Explaination of why does demand curve slope downward?
The demand curve represents the relationship between the price of a product or service and the quantity demanded by consumers. It is a downward-sloping curve, meaning that as the price of a good increases, the quantity demanded by consumers decreases, and vice versa. This relationship can be explained by several key factors:
1. Law of diminishing marginal utility:
The law of diminishing marginal utility states that as individuals consume more units of a good, the additional satisfaction or utility derived from each additional unit decreases. In other words, the more of a good a person has, the less valuable each additional unit becomes. As a result, consumers are willing to pay a higher price for the first unit of a good and are generally willing to pay less for additional units. This leads to a downward-sloping demand curve.
2. Income effect:
When the price of a good decreases, consumers are able to purchase more of it with their given income. This increase in purchasing power leads to an increase in the quantity demanded. Conversely, when the price of a good increases, consumers may not be able to afford the same quantity with their income, resulting in a decrease in quantity demanded. This income effect contributes to the downward slope of the demand curve.
3. Substitution effect:
The substitution effect occurs when consumers switch from one good to another as the price of one good changes relative to another. When the price of a good increases, consumers may seek out cheaper substitute goods, leading to a decrease in the quantity demanded of the more expensive good. Conversely, when the price of a good decreases, consumers may switch from substitute goods to the now relatively cheaper good, resulting in an increase in quantity demanded. This substitution effect also contributes to the downward slope of the demand curve.
4. Law of demand:
The law of demand states that there is an inverse relationship between price and quantity demanded, holding all other factors constant. This means that as the price of a good increases, consumers are less willing and able to buy it. On the other hand, as the price decreases, consumers are more willing and able to buy it. The law of demand is a fundamental principle in economics and provides a theoretical basis for the downward-sloping demand curve.
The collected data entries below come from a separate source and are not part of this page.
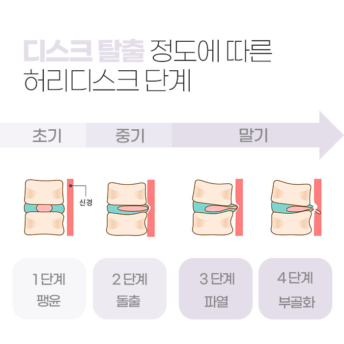 처음에는 디스크의 바깥쪽이 약간 손상되며 가벼운 불편감이 느껴지지만, 일상생활에는 큰 지장이 없습니다. 중기에는 디스크가 더 크게 돌출되면서 신경을 직접 누르기 시작해, 허리뿐 아니라 다리까지 저리는 증상이 나타납니다. 말기에 이르면 디스크가 완전히 탈출하고 신경 손상이 발생하여, 걷기 어려움이나 마비 증상으로 이어질 수 있습니다.
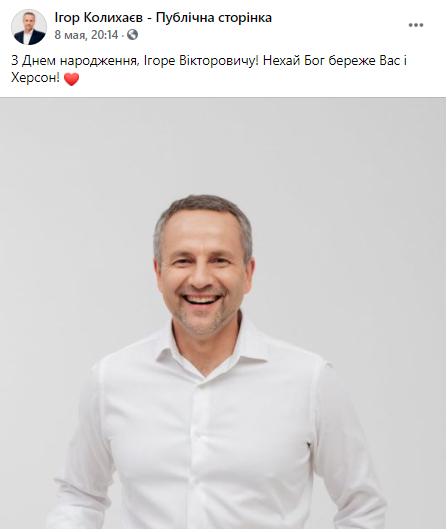 Мэр Херсона Игорь Колыхаев тремя днями ранее отметил 50-летие. По случаю юбилея он решил сам себя поздравить с днем рождения.
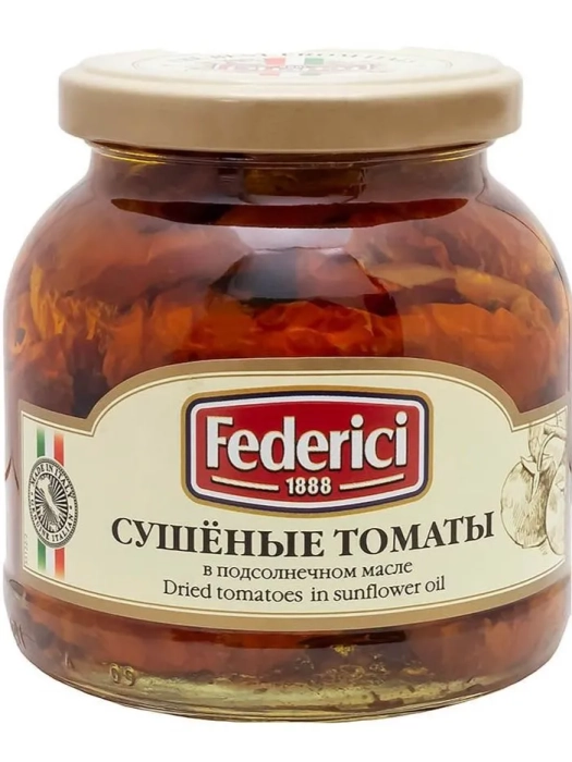 Сушеные томаты Federici в подсолнечном масле - секрет итальянской кулинарии. Продукт произведен по классической рецептуре, из отборных томатов, с добавлением уникальных ингредиентов.
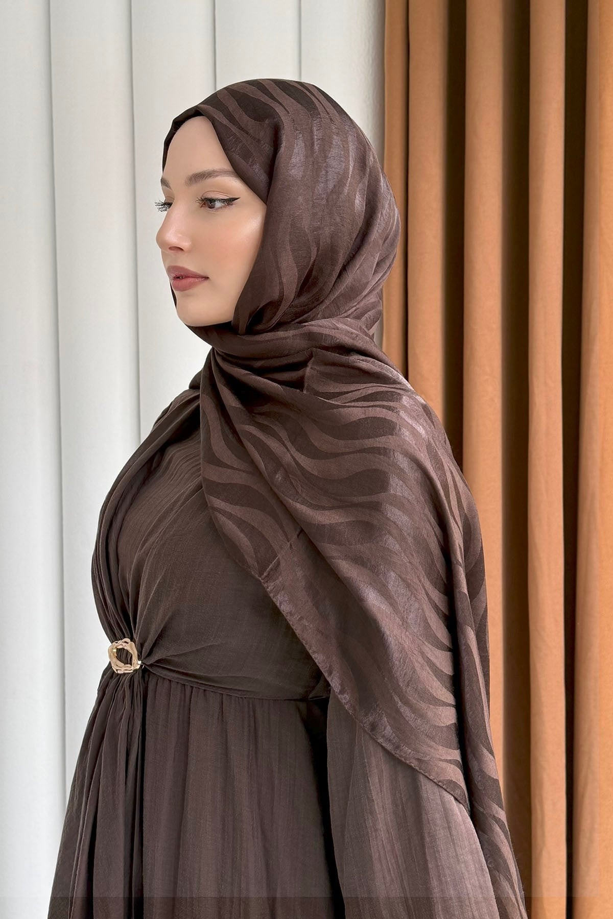 Airobin Zebra Desen Jakar Şal-KAHVERENGİ (013)

In summary, the downward slope of the demand curve can be explained by the law of diminishing marginal utility, the income effect, the substitution effect, and the law of demand. These factors collectively influence consumers' behavior and their willingness to purchase a good at different price levels.
Explaination of why does demand curve slope downward?
It is because when other factors remain constant (expectations , price of related goods etc)there is a inverse relationship between price and quantity demanded of a commodity means when price of a commodity increases quantity demanded decreases and vice versa. For example when price of commodity increases from 10 to 20rs. It's quantity demanded is decrease from 20 to 10 and vice versa.